So, in order to see if a property $P$ holds for all natural numbers, you have to check that $P(0)$ holds and all the other implications mentioned. Those are your $A$s and $B$s of your implications, and you already know how to check if an implication is true.

Of course it is impossible to check all the implications one by one. The way to do it is by picking an arbitrary $n$ and look at $P(n)\implies P(n+1)$.

Now, the only way in what the implications that arise when doing induction are true, is when $A$ is true and $B$ is true.

This is because there is a deduction rule which says that:

• If $A$ is true and
• $A\implies B$ is true, then
• $B$ is true

Now, look at the induction axioms. If you have $P(0)$ is true and $P(0)\implies P(1)$is true, you will have $P(1)$ is true. If you have that $P(1)\implies P(2)$ is true as well, you will have $P(2)$ is true, because $P(1)$ is true. And so on.

This agrees with the idea of "causal implication" used in every day conversations. That is "$P(n+1)$ is true because $P(n)$ is".

But in math, with implications this is not always the case.

Answer 3

Let's take a simple example:

Prove that for all integers $n\geq 4,$ $2^n<n!$

In other words, we'd like to show that $P(k)$, which is the statement "$2^k<k!$", is true whenever $k\geq 4$. Our first step is to find a "base case".

base case: $P(4)$ is true

we may check this one directly. $2^4=16$, and $4!=24$. Since $16<24$, the statement holds

inductive step: $P(k)\Rightarrow P(k+1)$

Now, we begin with any $k$, and proceed under the assumption that $P(k)$ is true.
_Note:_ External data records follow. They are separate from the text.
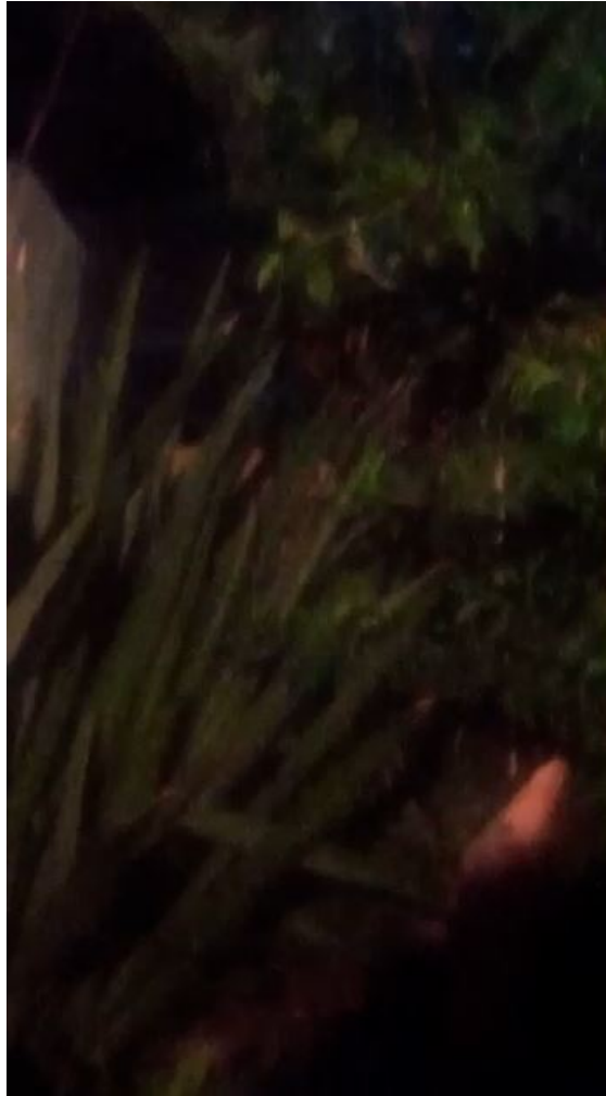
Fotograma 1 del Video I en el track de 17 segundos y 16 centésimas.

Se observa una imagen muy oscura de poco contraste en la que se ve parte de las hojas de una planta alumbrada por una luz muy tenue.
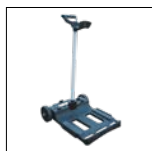
Caddy inclus Le chariot permet de déplacer et de stocker le robot rapidement et en toute simplicité.
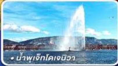
• น้ำพุเจ็ทโคเจนิวา

นั่งรถไฟด่วนกราชียเอ็กซ์เพรสระดับเฟิร์สคลาส ขึ้น 4 เหน่าดังแห่งสวิส อาบน้ำแร่พักในเมืองลูเกอร์บาด
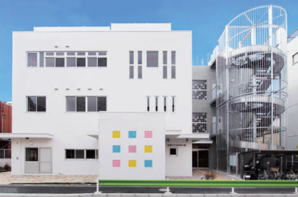
子育てひろば仲六郷入口（北側）
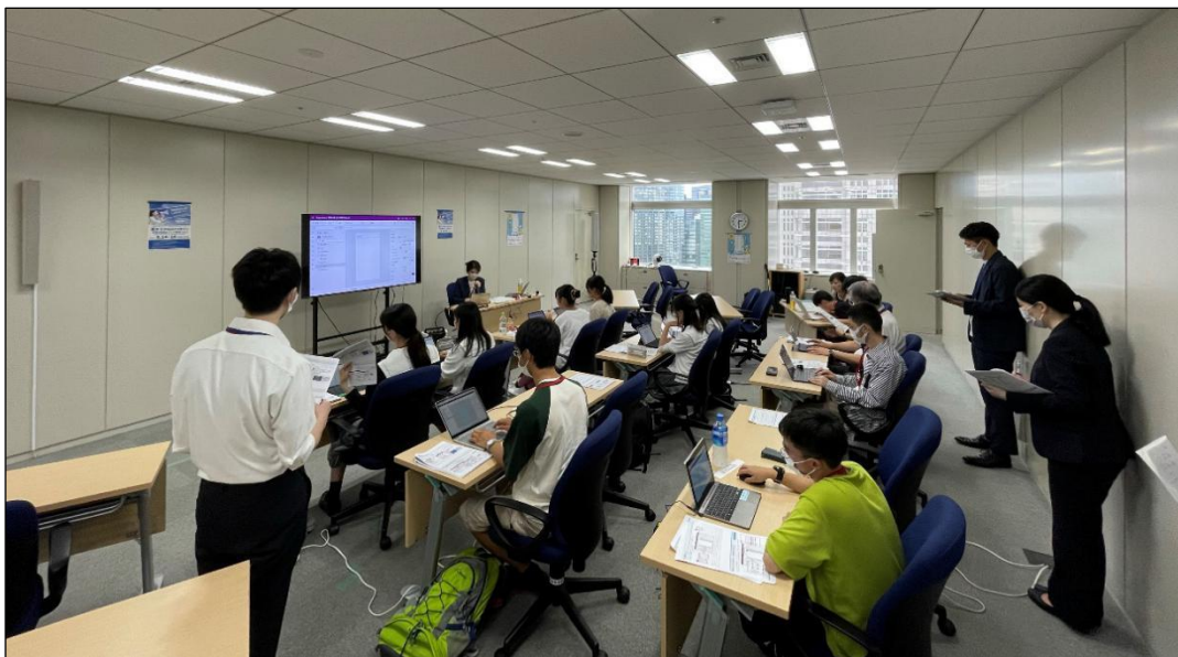
▲ワークショップの様子

内 容：Microsoft Power Platform（※ 2）を使い、アプリの設計から開発まで体験する中高生向けカリキュラムを提供。講師やメンターをヘッドウォータースグループ社員が務めました。
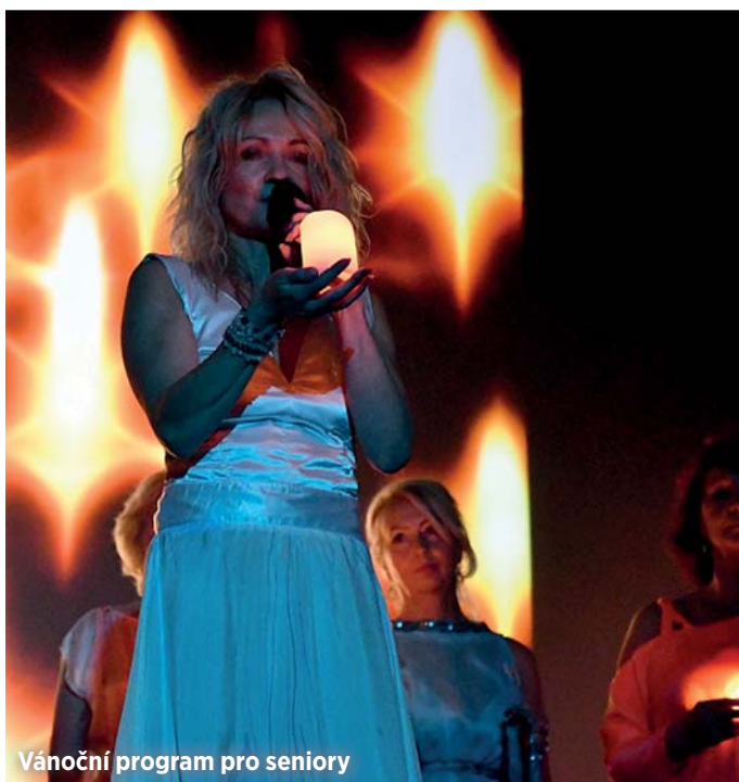
Vánoční program pro seniory

Slzy, smích i dojetí provázely předvánoční setkání seniorů, které se díky podpoře z Jihu konalo ve středu 11. prosince v kulturním domě v Zábřehu.
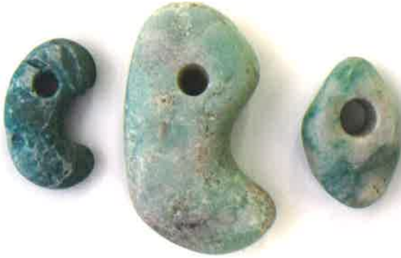
ヒスイ製勾玉と垂飾（神明遺跡出土）

取手市でも、神明遺跡からヒスイ製の勾玉が2点とネックレスの装飾に使った垂飾 たれかざり が出土しています。
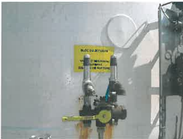
Vanne par laquelle l'azote a été mis à l'air libre
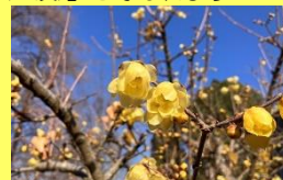
学名: Chimonanthus praecox 科名: ロウバイ

寒さの厳しい季節に花を咲かせ、中国ではウメ、スイセン、ツバキとともに「雪中の四花(四友)」と呼ばれます
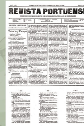
Diálogo entre doña Victoria, que se consideraba entonces, abandonada, y don Parque, el más cuidado, escrito por Justo en Revista Portuense. Revista Portuense de 8 de mayo de 1896.
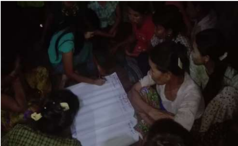
သာပေါင်းမြို့နယ်၊ ကျွန်းလျားကြီးကျေးရွာအုပ်စု၊ မရမ်းကျင်းကျေးရွာတွင် PRA များပြုလုပ်နေပုံ
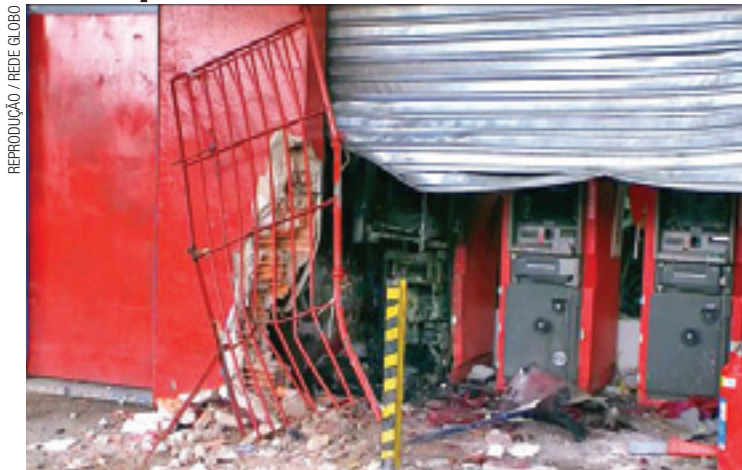
Jardim Varginha - Caixas eletrônicos do supermercado foram pelos ares

Na fuga, os criminosos fizeram disparos com um fuzil em direção a uma viatura da
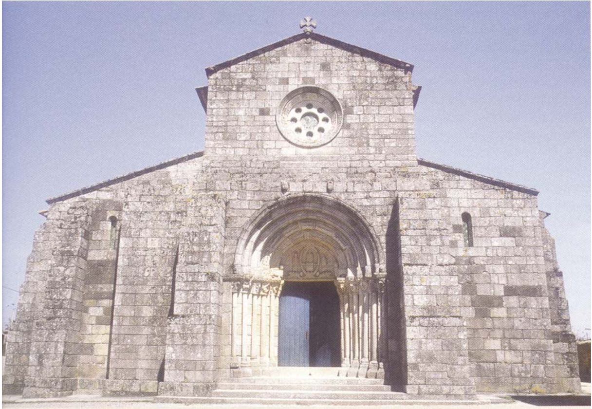
Figura 1 – Igreja de S. Pedro de Rates, c. 1100, in Ana Lúcia Pinto et al., Arte Portuguesa , Porto, Porto Editora, 2006
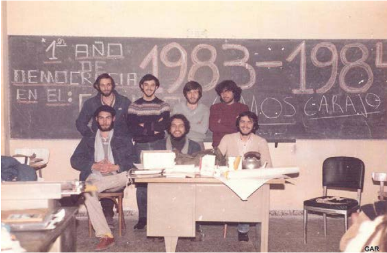
Imagen 1. Primera Comisión Directiva del CENUP, período 1983-1984
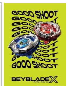
オリジナルステッカーは4種のうち1枚をランダムで配布
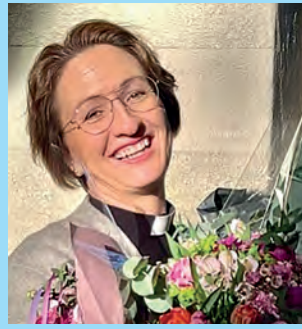
Møt vår nye biskop side 9-11
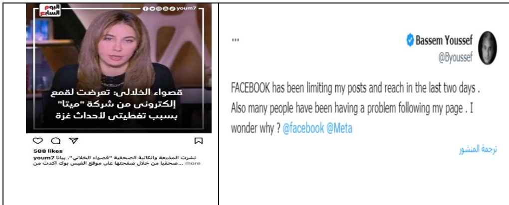
شكل (1) نماذج من إعلاميين وصناع محتوى تعرضوا لتقييد حساباتهم من قبل شركة Meta نتيجة دعمهم لطوفان الأقصى
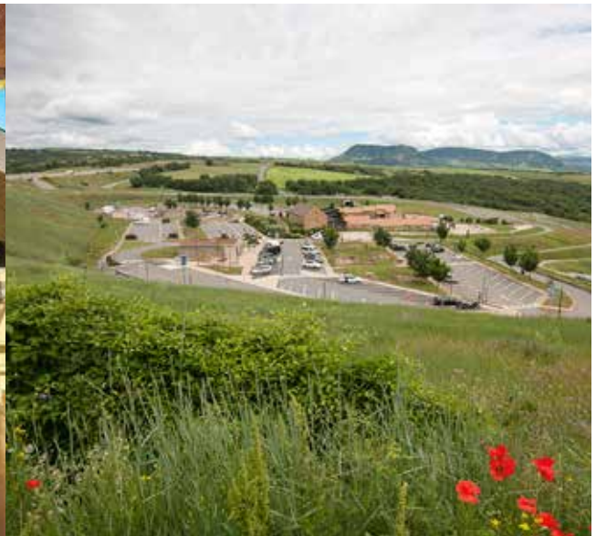
Onder: De Lepelaar en de Aalscholver aan de A6

If by assuming that $P(k)$ is true we can come to the conclusion that $P(k+1)$ is as well, then we have shown that $P(k)\Rightarrow P(k+1)$. This is precisely the implication you work with in formal logic: if $P(k)$ is false, then $P(k+1)$ can be either true or false (depending on which $k$ you're talking about). But if $P(k)$ is true, then $P(k+1)$ must be true.

So, assuming that $2^k<k!$, we note: $$ \begin{align} 2^{k+1}&=2\cdot 2^k\\ &<2\cdot k!\\ &<(k+1)\cdot k!\\ &=(k+1)! \end{align} $$ So, $2^{k+1}<(k+1)!$, which tells us that $P(k+1)$ holds, given our assumption of $P(k)$. So, since we know $P(4)$ is true, it must be that $P(k)$ is true for $k=5,6,7,\dots$ which is exactly what we wanted to show.

Note: since the implication works in only one direction (that is, we don't have $P(k+1)\Rightarrow P(k)$), we cannot show that the statement holds for $k=3$, even though we know that $P(4)$ holds. In fact, $2^3 = 8$, which is greater than $3!=6$.